From: Andy Seaborne <andy.seaborne@epimorphics.com>
Date: Sat, 11 Sep 2010 17:24:56 +0100
To: Carlos Buil Aranda <cbuil@fi.upm.es>
CC: public-rdf-dawg@w3.org
Message-ID: <4C8BAD58.8080101@epimorphics.com>
Summary:

   Proposal to use the BINDINGS mechanism for parametrized queries.


On 09/09/10 17:02, Carlos Buil Aranda wrote:
> Hello all,
>
> I'm looking at the BINDINGS description of the SPARQL 1.1 query
> federation and I have a question about it. It says "In order to
> efficiently communicate constraints to sparql endpoints, the queryier
> may follow the WHERE clause with BINDINGS." I'm want to implement it,
> but I do not totally understand it. Does the sentence mean that it is
> better to use BINDINGS for global constraints?

The BINDINGS clause allows the query client to send some additional data 
to the remote endpoint.  The remote endpoint takes that data and 
executes the query with that data, and returns the results.  This can 
result in considerable less data needing to be sent over the network.

For example:
     SELECT * { ?s ?p ?o }
vs
     SELECT * { ?s ?p ?o }
     BINDINGS ?s { ( <http://example/s1> ) ( <http://example/s2> ) }

on a large dataset.

The federation document currently defines the combination of data with 
the WHERE clause as adding a join to the algebra operations:

(join
    (bgp (triple ?s ?p ?o))
    (table ((?s <http://example/s1>)
            (?s <http://example/s2>)
    ))

or whatever the internal representation of constant data is in the system.
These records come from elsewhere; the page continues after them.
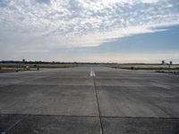 A straight road in Berlin, Germany, leading towards an open space with an asphalt road surface. The cityscape is visible in the background, with clear skies and a nearby lake. This aerial view captures the urban design of the city, with a stadium and sports facilities in the vicinity. The road resembles a runway at an airfield, symbolizing the concept of air travel and transportation. The landscape showcases the natural environment and water resources surrounding the city. The road's tar surface and the clear horizon add to the aesthetics of this picturesque scene.
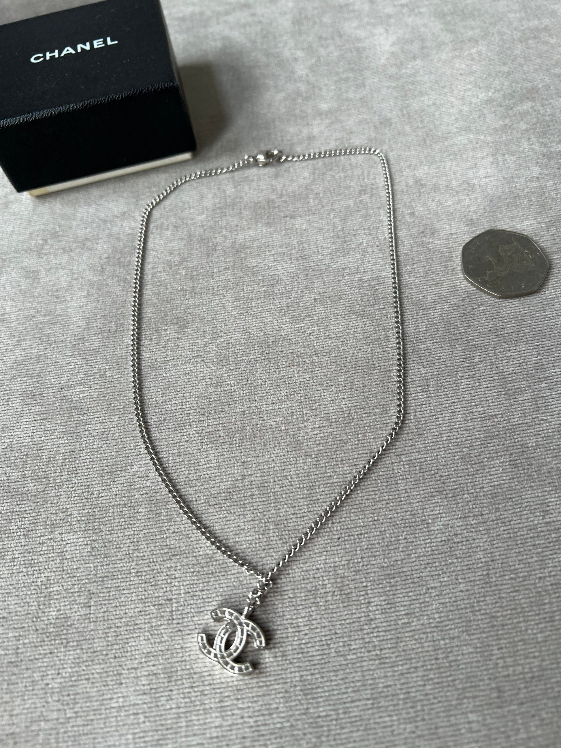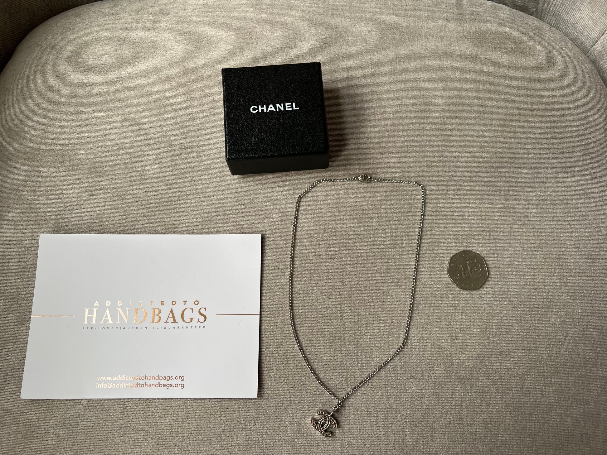 Chanel Silver Toned Embossed CC Pendant Necklace Stunning piece to compliment an outfit.
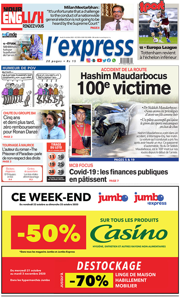 En une de l'express: Accident de la route: Hashim Maudarbocus, 100e victime ; Autre titre : Tournage à Maurice: l’auteur du roman «The Prisoner of Paradise» parle de non-respect des droits.
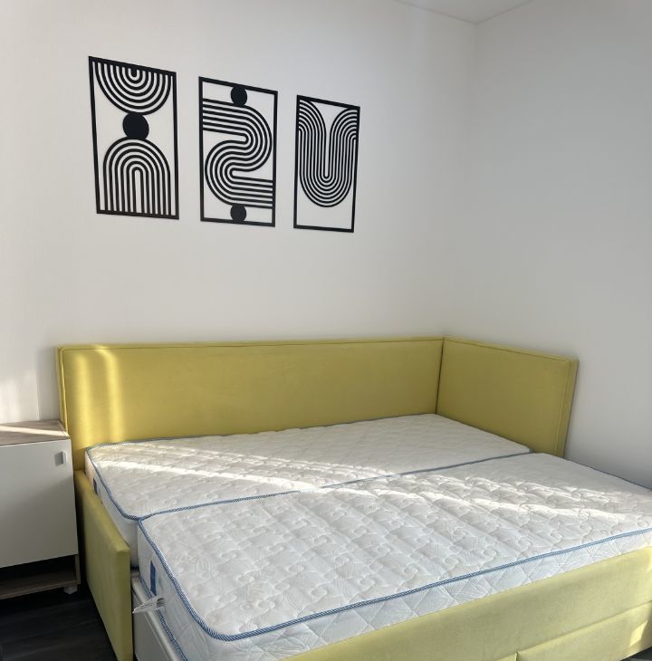 Полноценное спальное место, при необходимости раскладывается в двуспальную кровать размера king size. Ортопедический матрас.

> As I see it, BINDINGS modifies the solution once all the triples have
> been recovered from multiple SERVICE (or a single query), but FILTER can
> do much of it inside the query, Am I right?  in the example query, would
> not be possible (in case they were services) to filter directly the
> results of them for making the query more efficient? there would be less
> data to make the joins, right?

Yes - but it may not be very convenient to do it that way -  it might 
become a very unwieldy filter:

     SELECT *
     { ?s ?p ?o .
       FILTER ( ?s = <http://example/s1> || ?s = <http://example/s2> )
     }

with more variables, some of which can be UNDEF (not bound in that row), 
it's going to get unwieldy.  Instead, the query can be sent and the 
additional binding streamed after the query.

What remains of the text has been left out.